By Richard B. Spence, Ph.D., University of Idaho
As a visible movement, Catharism lasted about 250 years. But it was part of a much wider phenomenon that embodied beliefs and practices dating back hundreds—maybe thousands—of years, and it survived long after the roots of Catharism had vanished.

Catholics frequently referred to Cathars as Manichees and the Cathar church as a revival of Manichaeism. This was a dualistic religion founded by the Persian prophet Mani in the third century A.D. It was one of the main rivals of Christianity during the later Roman Empire. Manichaeism, as an organized faith, seemingly died out around 500.
So, how could it pop up in France hundreds of years later? Did Cathar roots go back further, to the Pythagorean brotherhood, a mystical secret society that appeared in Greece and Italy around 500 B.C.?
Pythagoreanism and Gnosticism
Like the Cathars, Pythagoreans believed that divine souls were trapped in a corrupt material world, and that their ultimate goal was to break the cycle of reincarnation and return to the celestial realm. They also practiced asceticism and vegetarianism, and initiated women. Catharism probably wasn’t a direct descendant of Pythagoreanism, but they did share a common root in Gnosticism.
Gnosticism is more philosophy than religion or cult. There’s pagan Gnosticism, Christian Gnosticism, even Jewish, and Islamic Gnosticism. Gnosticism holds that the key to enlightenment and salvation is knowledge—gnosis—rather than faith or grace. Illumination allows one to achieve union with the true divine through the realization of one’s own divine nature. Although this isn’t exactly what Cathars believed, but you can see the similarities.
Zoroastrianism and Manicheaism
Another thread in the Cathar tapestry goes back to the Zoroastrian religion of ancient Persia. Again, it formed around 500 B.C. and featured a lord of light and a lord of darkness.
Zoroastrianism, in turn, influenced the later prophet Mani. The prophet Mani, born in present-day Iraq, was raised in a Jewish-Christian Gnostic sect. Inspired by visions, he proclaimed himself the reincarnation of Jesus, Zoroaster, Buddha, and even the Hindu Krishna.

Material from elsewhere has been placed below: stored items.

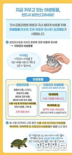 포항시 관계자는 “이번 제도는 생태계를 보호하고 시민 건강을 지키기 위한 최소한의 안전장치”라며, “계도기간이 운영되지만 사육 신고 마감일은 내년 6월로 더 빠른 만큼, 희귀동물을 키우는 시민들은 기간 내에 꼭 신고 절차를 밟아주시길 당부드린다”고 말했다.
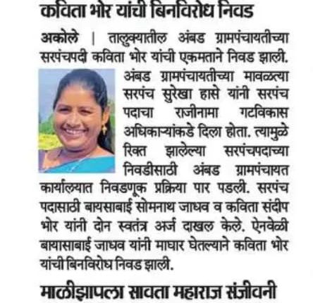 अकोले तालुका | ग्रामपंचायत अपडेट अंबड ग्रामपंचायतीत नवा नेतृत्व बदल — कविता संदीप भोर यांचा सरपंचपदी एकमताने नवा अध्याय सुरू! माजी सरपंच सुरेखा हासे यांच्या राजीनाम्यानंतर झालेल्या निवडणुकीत कविता भोर यांच्या विरोधात अर्ज दाखल केलेल्या बायसाबाई जाधव यांनी माघार घेतली, आणि कविता भोर यांचा बिनविरोध विजय निश्चित झाला!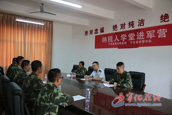 ??? 又到一年退伍季。8月28日,寧化縣地稅局組織稅收宣講志愿者走進寧化縣武警中隊,為即將退役的老兵們上了一堂稅收宣傳課。
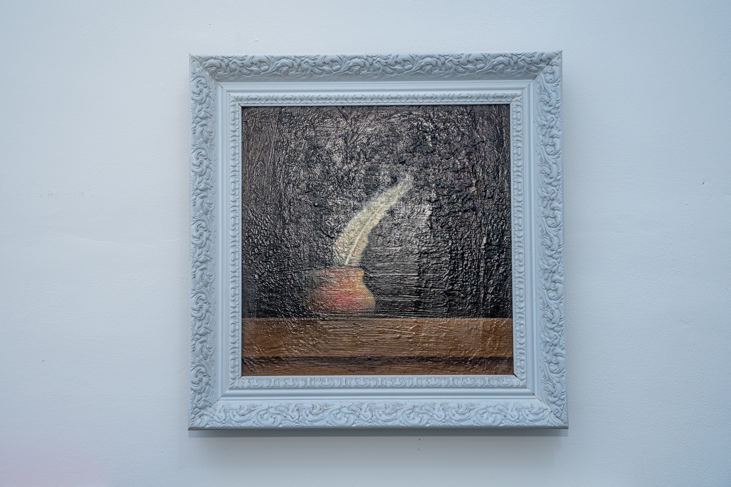 Kary ini merupakan buah representasi dari hal tersebut, objek yang diwujudkan dalam karya ini menjadi simbol yang menjadi tanda benda. Benda atau objek dalam karya ini diwujudkan dalam bentuk wadah tinta dan bulu, yang secara kesatuan menjadi alat untuk menulis. Keberadaan alat untuk menulis membantu untuk mengisi tiap-tiap bagian dari buku catatan. Buku catatan yang nantinya membantu membuka pikiran, kesadaran, pengalaman, emosi, juga sebagai kekuatan. Oleh karena itu perwakilan alat untuk menulis adalah azimat, dan buku catatan adalah bagian tubuh yang diperluas. Kedua hal ini bagi saya sebagai perupa menjadi sebuah pegangan yang menyimpan kekuatan.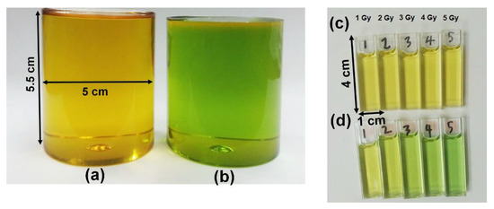 PRESAGE is a commercial radiochromic polymer dosimeter that was introduced by John Adamovics [71]. It exhibits several strong advantages compared to other polymer gel dosimeters; it is insensitive to oxygen contamination and can be fabricated with any desired shape without any vessels; it does not exhibit diffusion and has high stability and higher optical evaluation [19,20,35,72]. Moreover, the presence of oxygen can increase the dosimeter sensitivity upon fabrication [73]. It is also a tissue equivalent in the range of megavoltage energies, which is suitable for radiotherapy. Additionally, the dosimeter response to radiation is not dependent on the dose rate and a wide range of energy [20]. The colour change in PRESAGE upon irradiation is illustrated in Figure 2.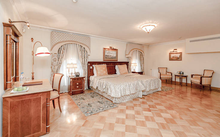 Μασίφ ξύλο, ζεστά χρώματα, χρυσά διακοσμητικά στοιχεία, πλούσια και «βαριά» υφάσματα, εντυπωσιακοί πολυέλαιοι και προσεκτικά επιλεγμένα χαλιά, καθιστούν τα 43 συνολικά δωμάτια και σουίτες του πραγματικά βασιλικά.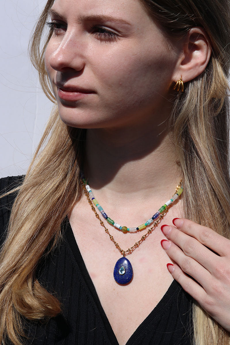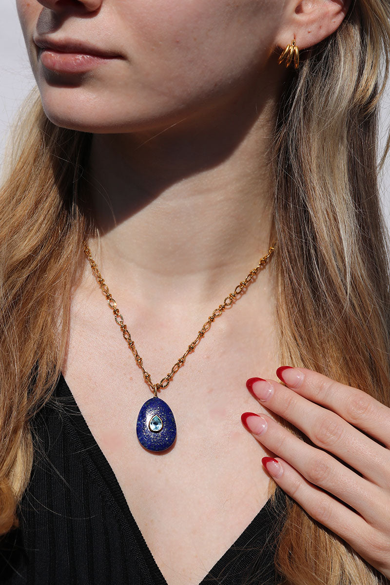 Lapis Lazuli + Blue Topaz Chunky Oval Necklace
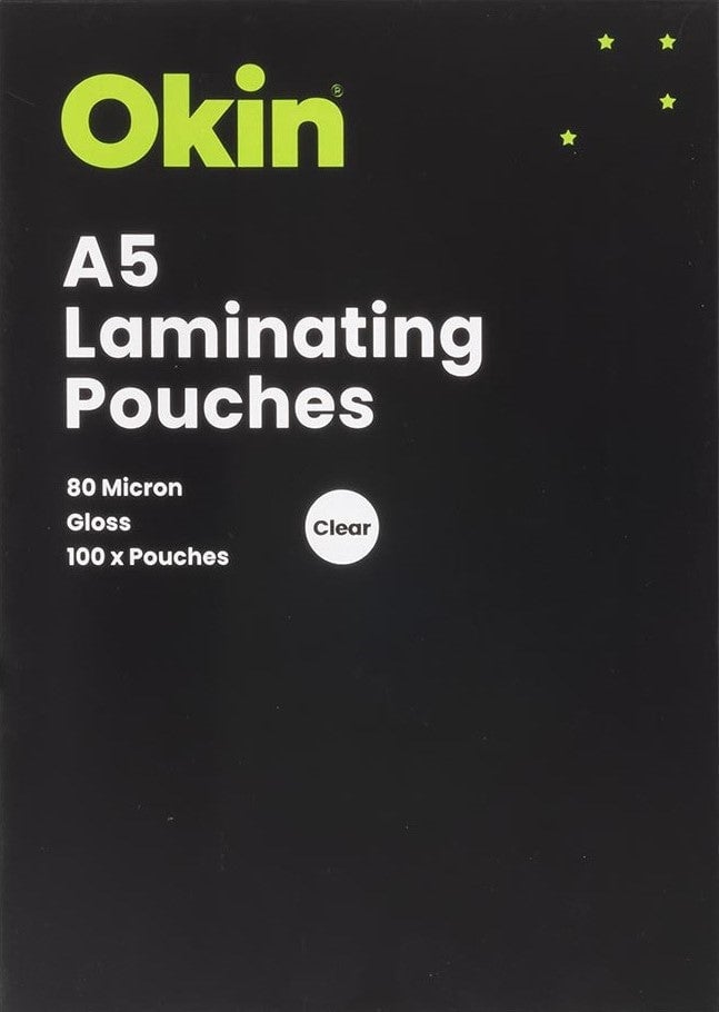 Okin Laminating Pouches A5 80 Micron Pack - 100 Sheets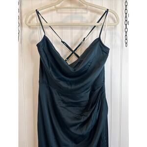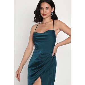 NWOT Lulus Moments of Beauty Dark Teal Satin Cowl Neck Tulip Maxi Dress Size L

(Image: Unknown author/Public domain)
If one mixed all the religions and esoteric traditions floating around the Near East in the 3rd century A.D., then one would come up with something like Manichaeism. Mani’s faith featured a spiritual realm of light and a material world of darkness run by rival gods, with captive souls struggling to escape corrupt matter and return to the light.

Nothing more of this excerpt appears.